How to Succeed in a Transformed World
By Cathy Lockman
When Mark Goodburn, currently the vice chairman and head of advisory services for KPMG LLP, began his career in 1984, he was told that “it was an incredibly exciting time” to enter the profession. Today’s students weren’t so sure that “exciting” was an apt description after hearing from Goodburn that it was a time when there were few cell phones, there were no commercial websites, and the Apple Macintosh personal computer had just been launched.
“You can always count on the fact that what is considered ‘state-of-the-art’ today will be transformed tomorrow,” Goodburn told the audience of accountancy students and faculty at the last Lyceum presentation of the spring session. “The only thing you can predict about the future of the profession is that it will always be evolving. You have to be prepared for change. So much of what impacts the profession is what happens outside of it.”
Goodburn points to globalization, digitization, and regulation as three of those outside forces that have important implications for the services the profession provides and that “will put lots of demands on our skills to solve problems for our clients.” Current regulation reform proposals will be especially crucial says Goodburn, “and it’s essential that accounting professionals have a seat at the table. Not only do we understand the markets, but clients look to us as educators who help them navigate these waters, so there is an important role for us to play” as regulation proposals are being considered and implemented.
Goodburn, who has been named one of the Top 25 Consultants in the U.S. by Consulting Magazine, also shared with students his perspectives on where the profession is headed and how they can be successful in the field.
“One thing I really like about where the profession has gone in the last year,” he says, “is that documentation has really been enhanced.” He also points to the growing specialization within the profession as a positive. “There is so much sophisticated literature that we have people who are specialists in just one section of FASB 133, for example. You can’t be an expert in it all, so you have to take advantage of all the experts that are made available to you.”
He also points out the opportunities that advisory provides for aspiring professionals. “We’ve recently built a practice around infrastructure projects,” he says. “And I think there’s a big opportunity around cloud computing. The issues there are not just about technology. They’re also about risk and control, and our profession has a reputation for data security, protection, and integrity. No one else has that brand, so we have a lot to bring to the table.” Debt advisory is another practice development that Goodburn believes will grow.

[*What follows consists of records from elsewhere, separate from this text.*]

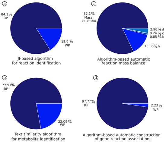 Results of assessment of the different algorithms developed for this protocol. (a) Text similarity algorithm to identify metabolites. Graphical representation of the results obtained using a threshold of 0.82 (other thresholds results can be found in Supplementary Material File S1). Dark blue: percentage of right prediction (RP), light blue: percentage of wrong predictions (WP). (b) JI-based algorithm to identify metabolic reactions. Dark blue: percentage of right prediction (RP), light blue: percentage of wrong predictions (WP). (c) S-GPR building algorithm. Dark blue: percentage of right prediction (RP), light blue: percentage of wrong predictions (WP). (d) Algorithm to mass balance metabolic reactions. Dark blue: percentage of reactions mass balanced by the algorithm; the different tones of lighter blue represent cases where the reaction was not mass balanced due to: a. an exchange reaction that is imbalanced by definition, b. a mixture of molecular and glycan building block formulas that cannot be mass balanced, c. at least one of the metabolites having no annotated formula or d. coupled reactions that cannot be mass balanced unless the reactions are decoupled and mass balanced separately.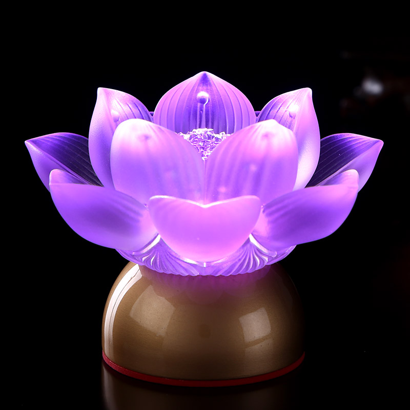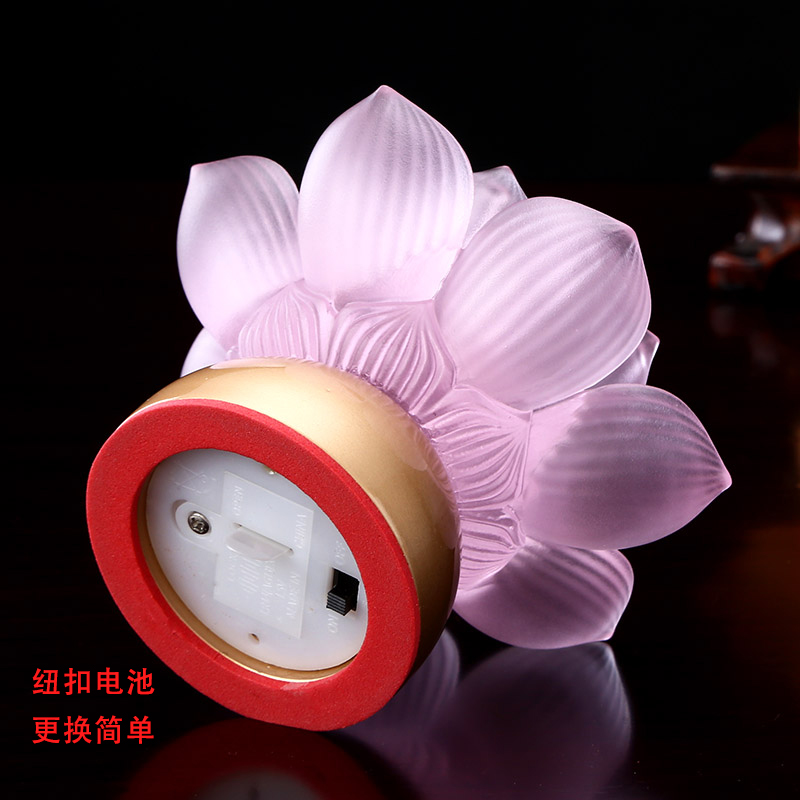 Seven-colored glass battery lotus lamp in front of the Buddha Buddha for the lamp Home for the Buddha lamp LED pure copper Changming lamp tribute lamp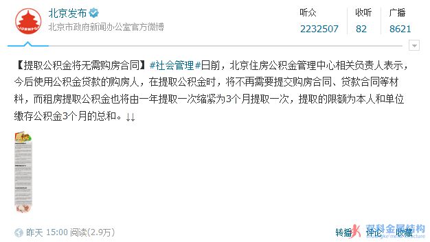![]() ![]() ![]() ![]() 昨日,北京商報記者從“北京發布”官方微博獲悉,市住房公積金管理中心歸集執法處處長呂志民日前表示,今后使用公積金貸款的購房人,在提取公積金時,將不再需要提交購房合同、貸款合同等材料。此外,本市租房提取公積金今后也將由一年提取一次,縮短為三個月提取一次,提取的限額為本人和單位繳存公積金三個月的總和。 據介紹,此前,使用公積金貸款購房的家庭,在提取公積金時,需要提交購房合同、貸款合同、購房發票等種類繁多的材料,“今后,這些家庭只需提供提取申請書、本人身份證及復印件,以及銀行儲蓄賬戶,就可以辦理公積金提取”。呂志民解釋稱,這是因為公積金中心可以通過現在的貸款系統直接獲取購房人所有的貸款資料。 呂志民還表示,目前租房提取公積金存在大量的弄虛作假情況,過去是用假發票和假合同,后來演化為買真發票。針對這一狀況,此次新政策明確了租房提取公積金的時限和提取的限額。然而,對于社會上越來越多的、有關上調公積金貸款額度的呼聲,公積金中心其他相關負責人回應稱,公積金中心將根據北京房地產市場的變化,統籌考慮這些原則,實時地進行正常調整,目前暫時不具備調整的條件。 |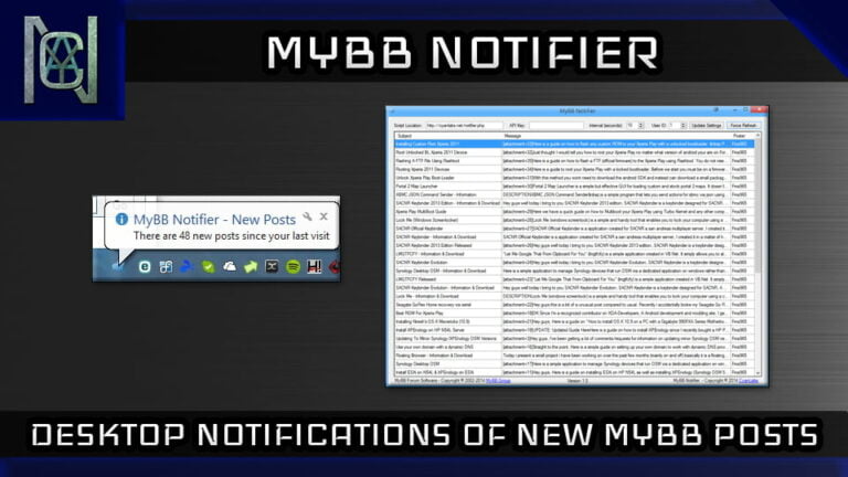MyBB notifier is a server and client that when used together allows the client to poll the site for new posts and notify the user
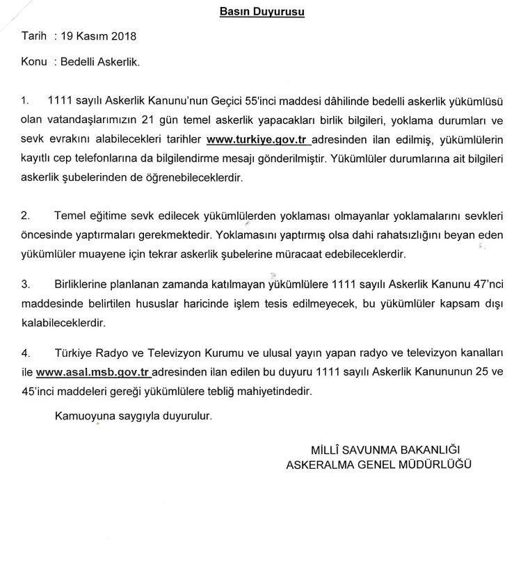 Bedelli askerlik hizmetine ilişkin yoklama, celp ve sevk hakkında Milli Savunma Bakanlığı'nın duyurusu ekte sunulmaktadır.
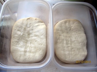 Teig in eingefettete Container legen, einmal herumdrehen, damit er eingeölt ist, und zugedeckt bei Zimmertemperatur etwa 2 Stunden, oder so lange reifen lassen, bis er sich verdoppelt hat. (Ich teile ihn gern schon vorher in zwei Portionen, dann muss ich hinterher weniger damit herumhantieren).

But as one area offers opportunity, another may become obsolete, so it’s important to be forward thinking and ready to take advantage of the opportunities. “Twenty percent of our portfolio does not continue year after year,” says Goodburn. “In advisory, it’s always a renegotiated and evolving relationship. Our clients tell us where they need help; we listen to those needs, harvest ideas, and bring them to the clients to help solve their problems. That’s what attracted me to advisory in the first place. You’re really dealing much more with people, process, and technology. The risk and business interplay is very interesting, and the conductivity of linking it all together to get a better answer is challenging.”
Annie Lardner, a senior accountancy major who will be continuing at ILLINOIS next year in the master of accounting science program, appreciates Goodburn’s perspective on advisory services. “I hadn’t envisioned the opportunities available in that area,” she says. “The chance to advise clients in a way that helps tie things together and provides solutions seems like an opportunity that would be not only professionally interesting but satisfying. It seems like it would offer both flexibility and a chance where your specific skill set could be applied.”

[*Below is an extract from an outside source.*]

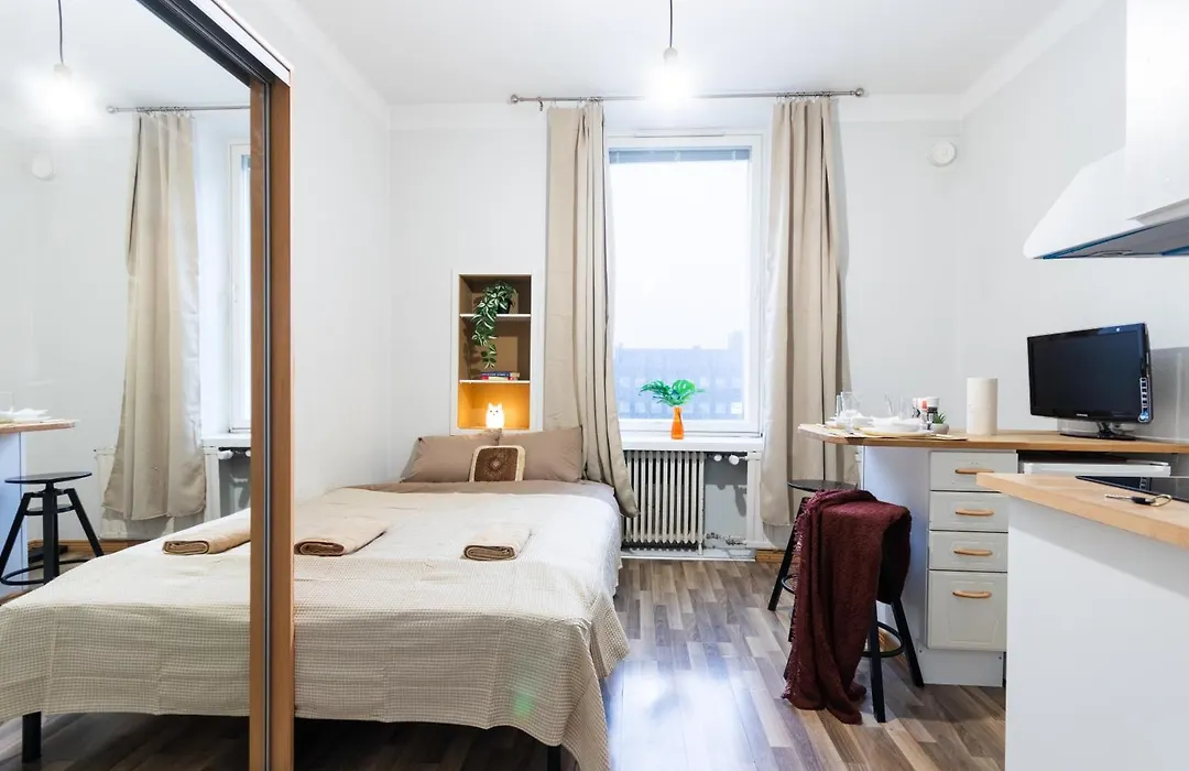 Helsinki Garı tren istasyonu ve Linnanmäki Eğlence Parkı daireye 10 ve 25 dakikalık yürüme mesafesindedir. Daire, Kamppi metro istasyonuna 5 dakika ve Luteran Katedrali'a 20 dakika yürüme mesafesindedir. Suşi bar Take Sushi, daireden 100 metre mesafede bulunmaktadır. Helsinki Olimpiyat Stadyumu de kısa bir sürüş mesafesindedir.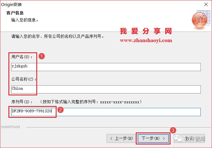 7.进入用户信息界面,任意填写用户和公司名称即可,然后在“序列号”框中输入:DF2W8-9089-7991320,一定不要输错,否则最后会激活失败!!!

Fellow accountancy classmate Sean Hostert, who will begin work with PricewaterhouseCoopers this summer, agrees that hearing from someone with a career path like Goodburn’s “who can also relate to what we’re thinking as we enter the profession is particularly helpful.”
“I also really appreciated the formula he suggested regarding how to assess your own personal progress in the profession,” says Lardner, referring to Goodburn’s advice that you look at a three- to four-year timeframe for examining and reevaluating your career goals and strategies.
“You will get opportunities all the time,” Goodburn told the students. “Don’t feel like you have to jump at each opportunity. I struggled with that because I thought I wouldn’t get another chance. But opportunity will knock every day. So you need to really think about where you want your career to go and take the strategic steps that will get you there. You’ve already taken a big one by choosing a university where you will be exceptionally well prepared. Just like in 1984, it’s a really exciting time to enter the profession.”